PC-based instruments migrate to PCI-X
bus

Dataquest Solutions can now supply the next generation of Spectrum board-based instrumentation for the PCI and PCI-X bus.

As UK distributor in the of the Spectrum range of PC instrumentation, including ultrafast signal capture, waveform generation, digital I/O and digital pattern cards, Dataquest Solutions can now supply the next generation of boards for the PCI and PCI-X bus The new M2i range has evolved from the well proven "Mi" series, with a card base that is totally renewed so that a wide variety of new functions and features, many unique, are now incorporated

Most notably of these is an improved the onboard memory, now the deepest available with up to 4Gbyte possible.
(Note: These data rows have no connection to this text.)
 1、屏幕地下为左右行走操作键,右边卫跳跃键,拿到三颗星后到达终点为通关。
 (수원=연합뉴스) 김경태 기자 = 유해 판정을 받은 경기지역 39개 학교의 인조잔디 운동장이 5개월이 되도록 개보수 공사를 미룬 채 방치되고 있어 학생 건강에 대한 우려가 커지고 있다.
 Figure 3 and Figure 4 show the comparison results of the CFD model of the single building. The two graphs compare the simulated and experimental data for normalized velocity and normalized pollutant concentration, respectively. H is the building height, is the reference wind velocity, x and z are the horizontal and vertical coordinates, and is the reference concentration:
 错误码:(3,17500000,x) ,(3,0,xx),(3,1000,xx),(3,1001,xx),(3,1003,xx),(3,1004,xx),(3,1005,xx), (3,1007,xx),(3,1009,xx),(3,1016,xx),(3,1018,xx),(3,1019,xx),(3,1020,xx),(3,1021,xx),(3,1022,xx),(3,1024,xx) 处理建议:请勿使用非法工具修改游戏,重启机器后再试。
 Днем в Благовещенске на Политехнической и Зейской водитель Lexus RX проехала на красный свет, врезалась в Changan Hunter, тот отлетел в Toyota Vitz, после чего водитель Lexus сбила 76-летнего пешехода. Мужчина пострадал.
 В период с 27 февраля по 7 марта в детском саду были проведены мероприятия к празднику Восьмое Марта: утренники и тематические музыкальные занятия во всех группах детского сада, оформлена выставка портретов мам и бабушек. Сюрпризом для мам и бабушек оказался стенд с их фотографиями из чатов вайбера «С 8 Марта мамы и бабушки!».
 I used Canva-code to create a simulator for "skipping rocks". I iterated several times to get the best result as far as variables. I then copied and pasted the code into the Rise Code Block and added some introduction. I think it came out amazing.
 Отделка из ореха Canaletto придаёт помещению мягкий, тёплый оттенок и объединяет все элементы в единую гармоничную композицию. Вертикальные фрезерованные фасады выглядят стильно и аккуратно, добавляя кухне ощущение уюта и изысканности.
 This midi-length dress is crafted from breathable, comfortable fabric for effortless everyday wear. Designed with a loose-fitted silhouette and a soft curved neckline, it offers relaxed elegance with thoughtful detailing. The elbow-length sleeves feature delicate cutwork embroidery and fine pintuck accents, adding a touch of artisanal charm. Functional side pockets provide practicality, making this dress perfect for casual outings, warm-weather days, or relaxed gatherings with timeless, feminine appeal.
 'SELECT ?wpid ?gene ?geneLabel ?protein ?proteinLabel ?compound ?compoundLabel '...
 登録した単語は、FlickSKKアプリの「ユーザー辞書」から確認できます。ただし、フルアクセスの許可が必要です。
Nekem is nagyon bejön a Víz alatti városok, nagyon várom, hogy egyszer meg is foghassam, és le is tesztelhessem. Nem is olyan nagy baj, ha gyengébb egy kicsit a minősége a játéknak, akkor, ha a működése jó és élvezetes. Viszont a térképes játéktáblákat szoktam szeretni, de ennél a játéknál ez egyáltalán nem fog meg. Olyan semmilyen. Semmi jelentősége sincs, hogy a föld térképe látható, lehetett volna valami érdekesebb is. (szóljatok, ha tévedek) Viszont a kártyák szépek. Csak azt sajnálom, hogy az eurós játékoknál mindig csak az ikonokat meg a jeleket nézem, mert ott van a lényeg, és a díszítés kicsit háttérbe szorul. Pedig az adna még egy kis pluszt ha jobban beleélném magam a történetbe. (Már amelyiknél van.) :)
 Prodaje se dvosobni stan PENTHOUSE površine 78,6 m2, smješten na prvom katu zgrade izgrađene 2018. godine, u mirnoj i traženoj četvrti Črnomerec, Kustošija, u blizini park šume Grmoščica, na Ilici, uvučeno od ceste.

Such a large memory imparts major advantages.

When data transfer to this memory is performed streaming through the PCI or PCI-X bus is not required, minimising loading on CPU time, so even processor hungry MS Windows packages like LabWindows, Labview, Dasylab, Agilent VEE, Matlab and FlexPro can operate simultaneously.

Naturally text code programmers are well catered for with free driver software.

Indeed combining a code program such as C++ with a Spectrum card operating with the faster PCI-X bus allows real-time streaming of data to PC-RAM at 200Mbyte/s.

(The PCI-X bus is the new generation of PCI bus now available on many newer computer motherboards with a higher clock-through bus speed).

These boards are also 100% compatible with current PCI 32bit slots.

Although this older technology has a more restrictive bandwidth (about half that of PCI-X), the deep M2i onboard memory capabilities provide a way of still achieving extended ultra high-speed acquisitions.

Following on from customer requests another feature has been added.

Called ABA mode this allows changing from long-term slow and continuous data logging (through a process of sample decimation), to ultrafast acquisition on a trigger event.

This is handled by the hardware.

This is more efficient than having to write code in a post-process program and helps isolate in detail interesting events from reams of data.

It also reduces significantly stored file sizes.

At the sort of rates these ultra-high-speed cards can operate at this is a big advantage.

The level of decimation can be set in the driver code or the SBench software, a free graphical interface with virtual oscilloscope and logging facilities that is included with every board.

Where a high number of channels are required multiple cards may be used.

These can be zero-phase synchronised, which in itself is nothing new, but setting up of individual capture card sampling rates has been simplified, but at the same time improved.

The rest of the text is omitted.